Goodell’s announcement will no doubt be cheered as a victory by the league’s critics. So what I’m about to say will make me few friends, but here goes: The commish has a point. And the NFL giving up its tax-exempt status is bad news.
Goodell frames this decision not as a financial one but as a way to move past what he sees as the misguided controversy and anger over the league’s tax status. As he’s quick to point out, the league’s 32 teams pay taxes on all that revenue. The Pats, the Colts, my beloved Detroit Lions: None is tax-exempt. It’s the NFL front office—which reported $326,882,787 in 2013 revenue—that doesn’t pay taxes. Sure, $327 million is a lot of money, but it’s a pittance compared to $9.5 billion. How much do we lose in tax revenue from this? The Joint Committee on Taxation crunched the numbers and found that the 10-year cost for giving the NFL and NHL tax-exempt status is roughly $109 million—a relatively paltry sum.
Nonetheless, critics like Coburn and government watchdog groups argue that eliminating the NFL’s subsidy is the right thing to do. Any waste, they say, is bad waste. Okay, sure.

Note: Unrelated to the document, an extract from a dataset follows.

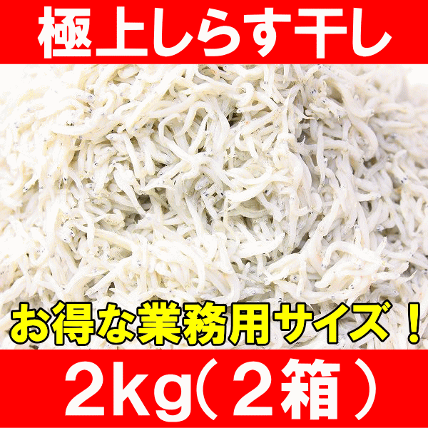ギフトには、「のし」をお付け出来ます! 商品名 しらす干し2kg(シラス干し) 原産地/製造地 静岡県、兵庫県等(しらすは、時期により美味しい産地をセレクト) 内容量 2kg・1kg×2箱 原材料 いわし稚魚(しらす)、食塩 賞味期限 パッケージに記載 保存方法 要冷凍−18℃以下で保存。 注意事項 ※解凍後は冷蔵庫にて保存し、お早めにお召し上がり下さい。※産地・パッケージ等は予告なく変更する場合がございます。品質・グレードは変わりありません。 詳細説明 ふわっふわのしっとり柔らかなしらす干し。カルシウムも豊富♪ ●超新鮮なしらす干し。スーパーのシラスとは別格の美味しさ。一度食べれば違いに驚きます!自然の旨さでカルシウム豊富な極上しらす。●たっぷりメガ盛り1kg。業務用のお買い得品! 築地市場で厳選の王様セレクト♪ 送料無料商品と同梱、又は合計8,000円以上ご購入で送料無料!⇒送料・配送についてお買いものガイドはこちら!<今月の特売品や、限定商品が盛り沢山!築地の王様トップページも要チェックです!コチラからどうぞ♪>楽天ランキング1位を獲得!業務用サイズのメガ盛り2kg★【楽天市場 ちりめん・しらすランキング1位達成】【楽天市場 魚介類・シーフード>ちりめん・しらすランキング1位達成】●ふんわり柔らかな「極上しらす干し」極めが細かくふんわり柔らか一級品!一般的にしらす干しと呼ばれるのが「しらす干し」。獲れたて新鮮な鰯の稚魚を茹でて軽めに干したもので、ふんわり柔らかな食感と旨味が持ち味。ちなみに、獲れたてシラスを茹でただけのものが「釜揚げしらす」、更によく干して堅めに仕上げたものが「かちり」。ちりめんじゃこの代表的な品々です♪ふんわり柔らかなしらすをたっぷり業務用サイズでお届け!これはお買い得すぎます♪●「極上しらす」の定義は、色、艶、サイズが決め手!・色=ちりもん(小さな海老や蟹などの雑魚)の混ざりが極力少ない。・艶=しらすの乾燥具合と仕上がりの艶が良いこと。・サイズ=小さめの魚体でサイズが揃っている。極上のシラスが泳いでいるわけでも、貧弱なシラスが泳いでいるわけでもありません。ふんわり柔らかな最高級の品が極上しらす干しは、以上の項目を基本に厳選吟味しています。●日本有数のシラスの産地から入荷静岡県/舞阪産・用宗産、伊勢湾産、瀬戸内海産、常磐産・・・など、日本有数のシラスの産地から入荷するシラス中より、入荷時期により最上級の品を厳選! ピンキリあるシラス干しの中から、「本当に美味しい」と言って頂けるしらすを厳選吟味いたします。たっぷり入った業務用1kg箱入りでのお届けだからとってもリーズナブル!是非ご家族で気がねなく、たっぷりとご賞味頂きたい逸品です!しらすおろし・しらすパスタ・しらすごはんしらすサラダ・しらす軍艦など、様々なしらす料理レシピにご活用ください♪たっぷり贅沢にご使用頂けます!!お召し上がり頂いたお客様の声はコチラ!▼業務用パッケージでお届けします▼1kg×2箱・合計2kgとなります。

But at what cost?
There’s a wealth of information in each of the NFL’s annual tax forms—detailed breakdowns of where the league’s money comes from, front-office compensation packages, which law firms the league retains, the amounts and recipients of league grants. Goodell doesn’t mention this in his announcement, but it’s hard to imagine the league not relishing the opportunity to pull some of that information out of the spotlight.
Perhaps the silver lining is this: By taking the tax-exempt issue off the table, activists can instead focus their work on more-meaningful reforms. Take, for example, the grand scam of taxpayer financing for stadiums. A 2012 Bloomberg analysis calculated that federal taxpayers lost $4 billion in the last 25 years’ worth of stadium construction deals. It’s one of the great boondoggles in sports today, an issue where the fleecing is very real.